Give it up and have a doughnut
So you have an idea for a computer product? So you spend months, maybe years perfecting it? It seems you are, at worst, just as good as the product streaming in from south of the border – and at best an awful lot better.
You produce an excellent manual complete with recovery procedures for all sorts of problems. Amazingly, you make sales in Canada to a rare group of people who are not mesmerized by U.S. and/or Silicon Valley labelling. So you dream of success, recovery of your savings and RSPs, payment back of family loans, recompense for your 100-hour weeks and recognition by your peers in the Canadian computer industry. There is one snag, however – you need financing.
As a neophyte you sit in front of your friendly manager of that big bank (you know the one that proclaims loudly that it supports small businesses). Well, it seems those proclamations of helping the small businessman are only intended for the usual loans – no entrepreneurs wanted here! Put your house up as collateral and you get your money – sound like a mortgage?
Undaunted, you approach the “investment companies.” This will be easy, you think. You have a product that works, it sits nicely in the burgeoning computer market, and you have happy customers. The press screams with articles on “investment companies” that are aching for companies with excellent potential – note the word “potential.”
Even the government has made things easy for certain “funds” companies so capital is readily available. After consulting the telephone book, scouring the press and getting tips from business friends, you begin your telephone calls. But suddenly the long list of potential investment partners is drastically stunted.
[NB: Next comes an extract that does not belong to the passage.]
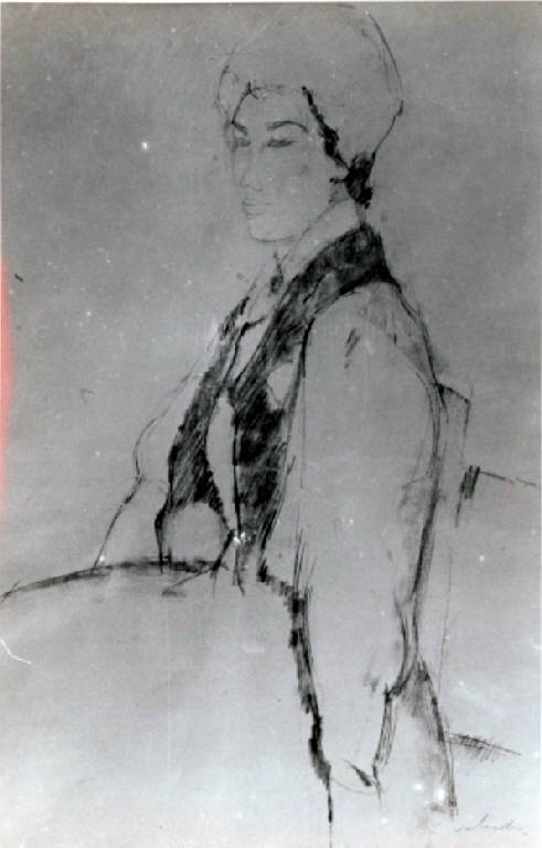 Opera a tecnica mista su carta che rappresena una donna seduta; il viso è reso con un tratto leggero, il capo è appena accennato.

You find that Investment Company A only finances “start-ups” (where were they when you needed them?) Investment Company B only invests in five million-dollar chunks. Investment Company C does not invest unless you have one million in sales and are profitable (expansion capital they call it). Investment Company D will only invest if you obviously do not need the money, can give a fantastic return, and you give up control of the company. Investment Company E wants your company, your first born, your house, your grandmother’s pension and your lawn mower. Investment Company F will lend you the money at a high rate but failure to pay off will result in your kneecaps being broken – each month!
But success at last, Investment Company G wants to see a business plan, which you submit with supreme confidence. What could be a better bet than a developed product with a ready market, happy users (albeit local) and supporting documentation more impressive than the Vatican Library?
They meet with you in their sumptuous boardroom and tell you with perfectly straight faces that you do not meet their criteria. One, you cannot show how much you lost producing the product and that “sweat equity” is valueless. Two, you have competition. (Wow! What a surprise!) Three, your projected sales are pessimistic and show no mammoth growth. Undaunted, however, you go back to the drawing board. A spreadsheet program allows you to easily change your projected sales so now you have massive growth, and this you resubmit.
Investment Company G responds and says you now have a real good business plan with the type of growth they would go for – but it seems they have just invested in a small-town tannery operation. Apparently it has been bankrupt more than once but then “they can show how much they have put into the operation.” There are also five other similar operations in the same town but they are not competition – “they use different processes.”
Discouraged? Well, so you should be. But why not do the right thing and get a franchise for a hamburger joint, or a doughnut shop (“donut” if you want to encourage U.S. culture.) After all, it is a valuable service and how many times have you heard the government pushing our “service industry?”